Wittenberg K H, Swensen S J, Myers J L
Department of Diagnostic Radiology, Mayo Clinic, Rochester, MN 55905, USA.
AJR Am J Roentgenol. 2000 May;174(5):1327-31. doi: 10.2214/ajr.174.5.1741327.
We determined the chest radiographic and CT findings of Erdheim-Chester disease with pulmonary involvement.
We retrospectively reviewed the radiologic images of 15 patients with biopsy-proven Erdheim-Chester disease. Nine patients had chest radiographic images and CT scans that were available for review. Six men and three women were studied (age range, 25-70 years; mean age, 56 years). Two radiologists interpreted all images by consensus. Lung parenchyma was assessed for the type and distribution of disease. Bronchi, pleurae, hila, and mediastinal and extrathoracic structures were evaluated for abnormalities. Pathologic specimens from all patients were reviewed and correlated with radiologic findings.
Eight of nine patients had thoracic images with abnormal findings. The most common radiographic pattern was reticular interstitial opacities with fissural and interlobular septal thickening. CT revealed regions of ground-glass attenuation and centrilobular nodular opacities. Typically, extrapulmonary findings included pleural effusions (6/8 patients), pericardial fluid or thickening (4/8), and extrathoracic infiltrative soft-tissue masses (4/8).

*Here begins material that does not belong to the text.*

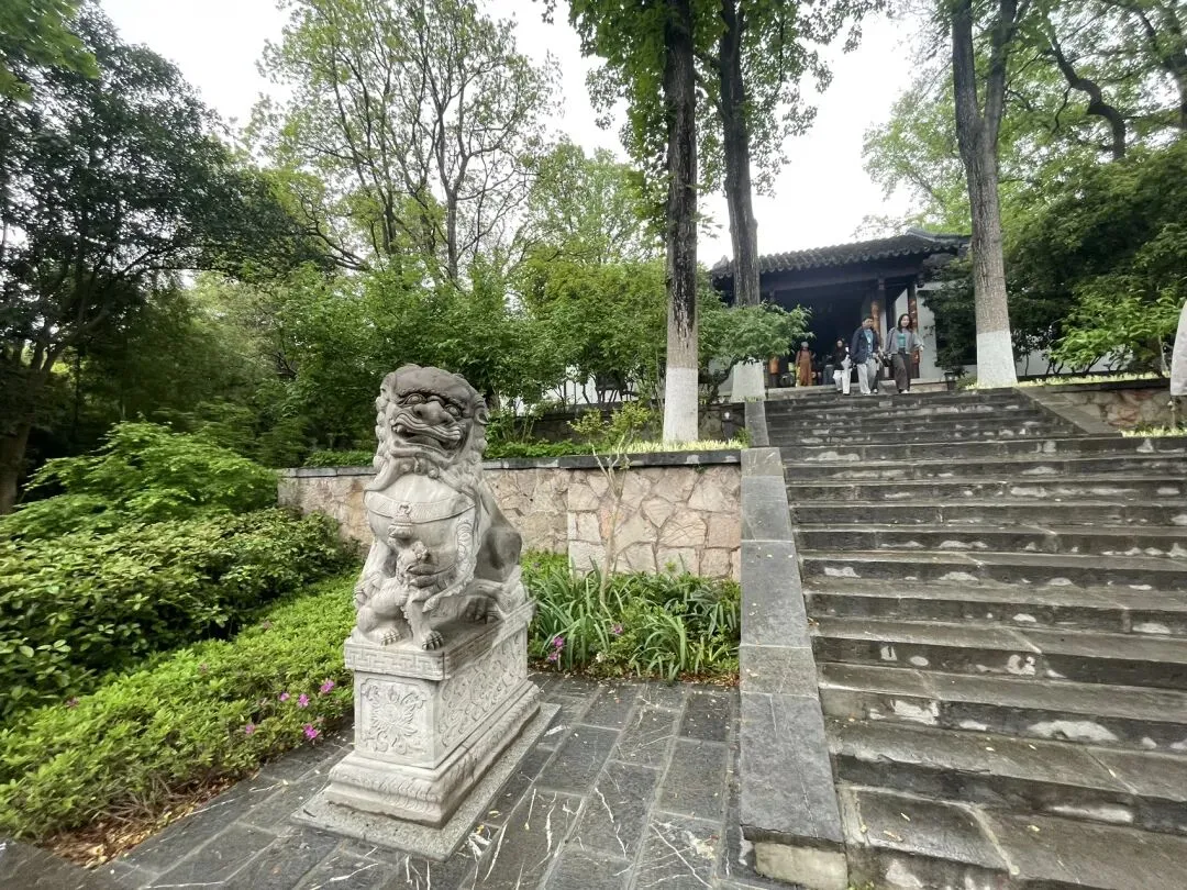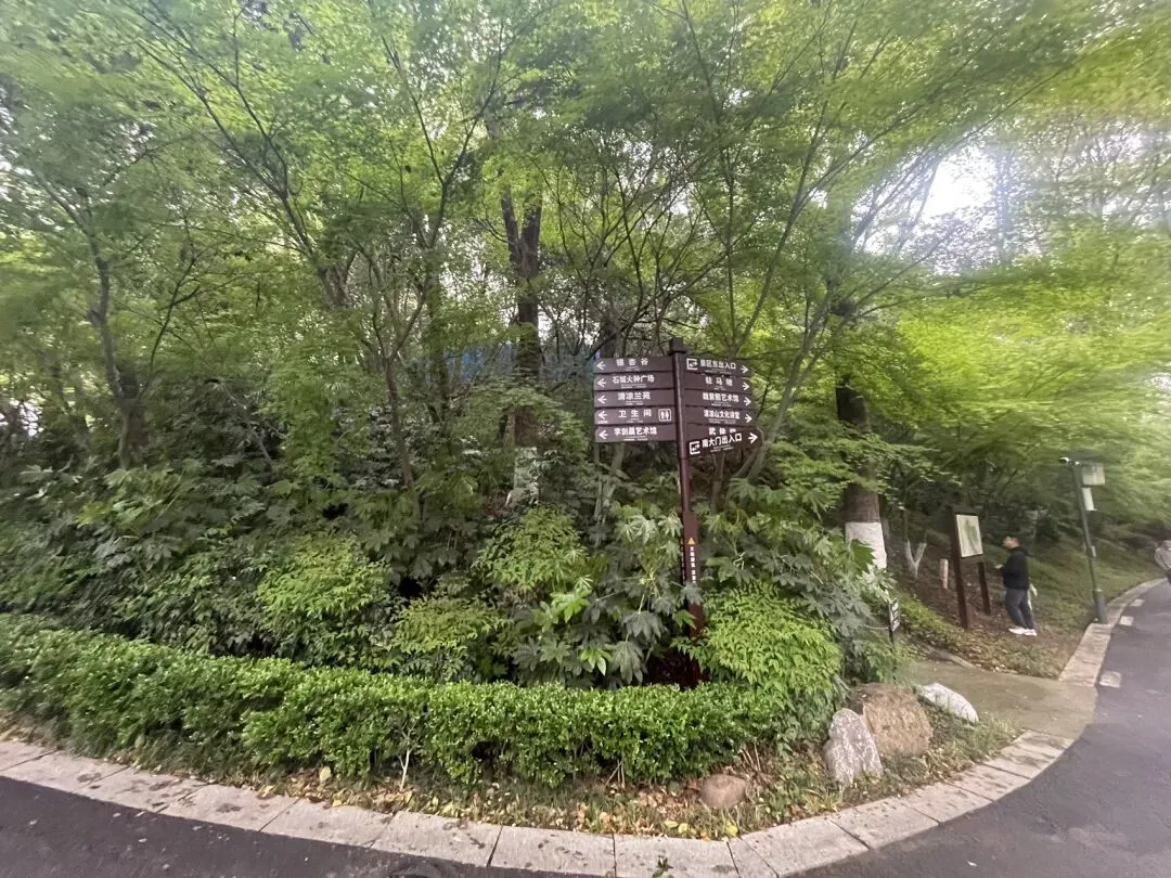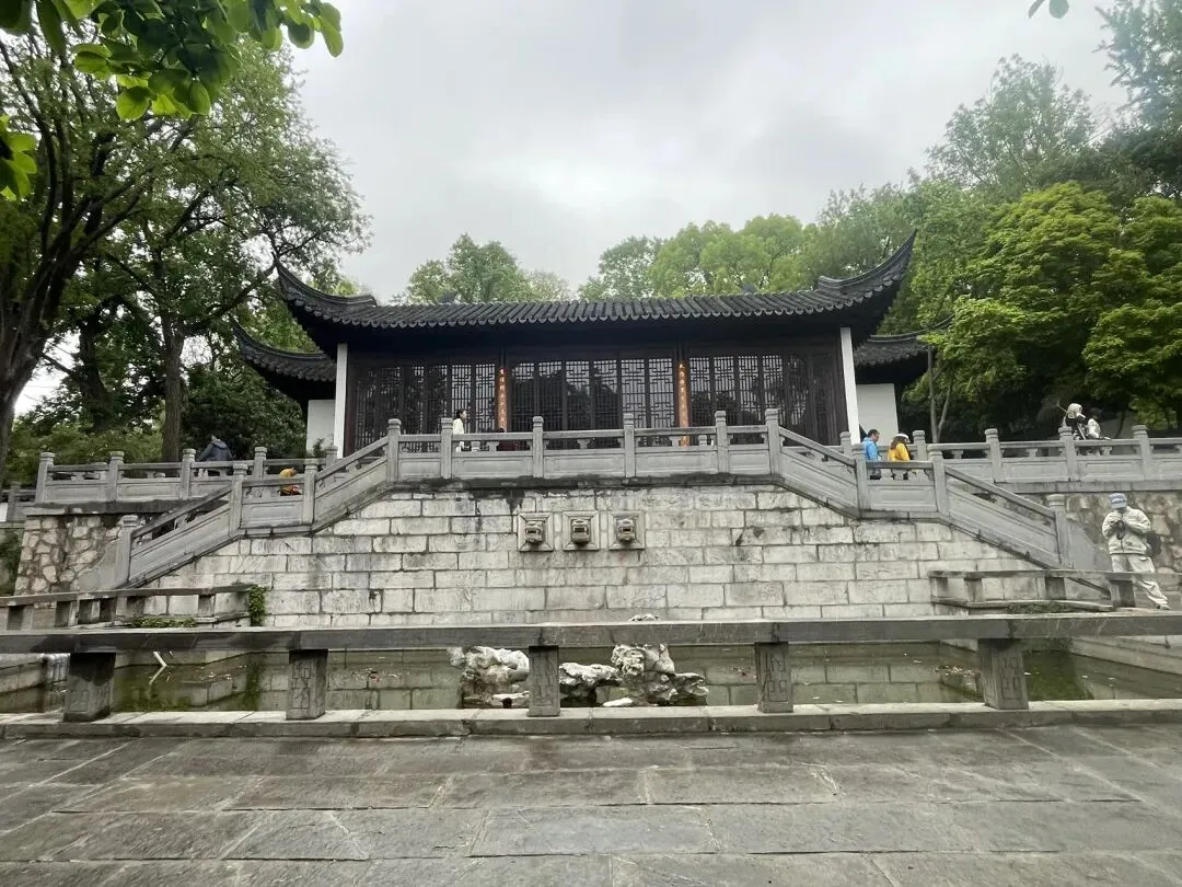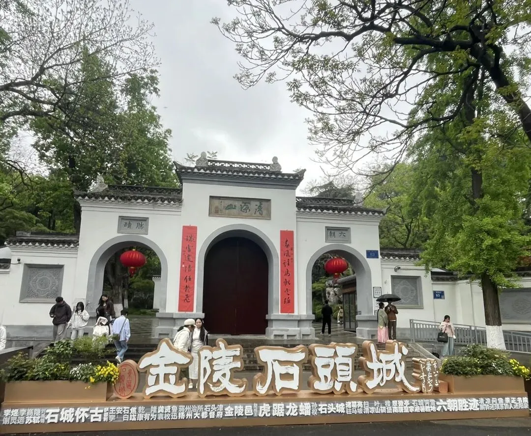 飞檐翘角歇山顶、白墙黛瓦、木质花格门窗,坐落在石砌高台之上,气势庄重。高台下方是放生池(砚池),池壁嵌有三个兽首吐水口,池内点缀太湖石出门左手边为银杏谷方向,还可以一直步行直达石头城/国防园景区;右手边为驻马坡方向。可以根据个人需要继续参观游览。

The most common findings of Erdheim-Chester disease with pulmonary involvement include an interstitial process characterized by smooth interlobular septal thickening and centrilobular nodular opacities, fissural thickening, and pleural effusions. On CT, six of nine patients had pericardial fluid and thickening or extrathoracic soft-tissue masses. Such findings are characteristic of Erdheim-Chester disease with pulmonary involvement. Definitive diagnosis requires correlating skeletal findings and lung biopsy findings.
我们确定了累及肺部的 Erdheim-Chester 病的胸部 X 线和 CT 表现。
我们回顾性分析了 15 例经活检证实为 Erdheim-Chester 病患者的影像学资料。9 例患者有可供分析的胸部 X 线片和 CT 扫描图像。研究对象包括 6 名男性和 3 名女性(年龄范围 25 - 70 岁;平均年龄 56 岁)。两名放射科医生通过会诊解读所有图像。评估肺实质疾病的类型和分布。评估支气管、胸膜、肺门以及纵隔和胸外结构有无异常。回顾了所有患者的病理标本并与影像学表现进行对照。
9 例患者中有 8 例胸部影像有异常表现。最常见的 X 线表现为网状间质模糊影伴叶间裂和小叶间隔增厚。CT 显示磨玻璃样密度影区域和小叶中心结节状模糊影。典型的肺外表现包括胸腔积液(6/8 例患者)、心包积液或增厚(4/8)以及胸外浸润性软组织肿块(4/8)。
累及肺部的 Erdheim-Chester 病最常见的表现包括一种间质病变,其特征为小叶间隔光滑增厚、小叶中心结节状模糊影、叶间裂增厚以及胸腔积液。CT 检查显示,9 例患者中有 6 例有心包积液和增厚或胸外软组织肿块。这些表现是累及肺部的 Erdheim-Chester 病的特征。明确诊断需要将骨骼表现与肺活检结果相结合。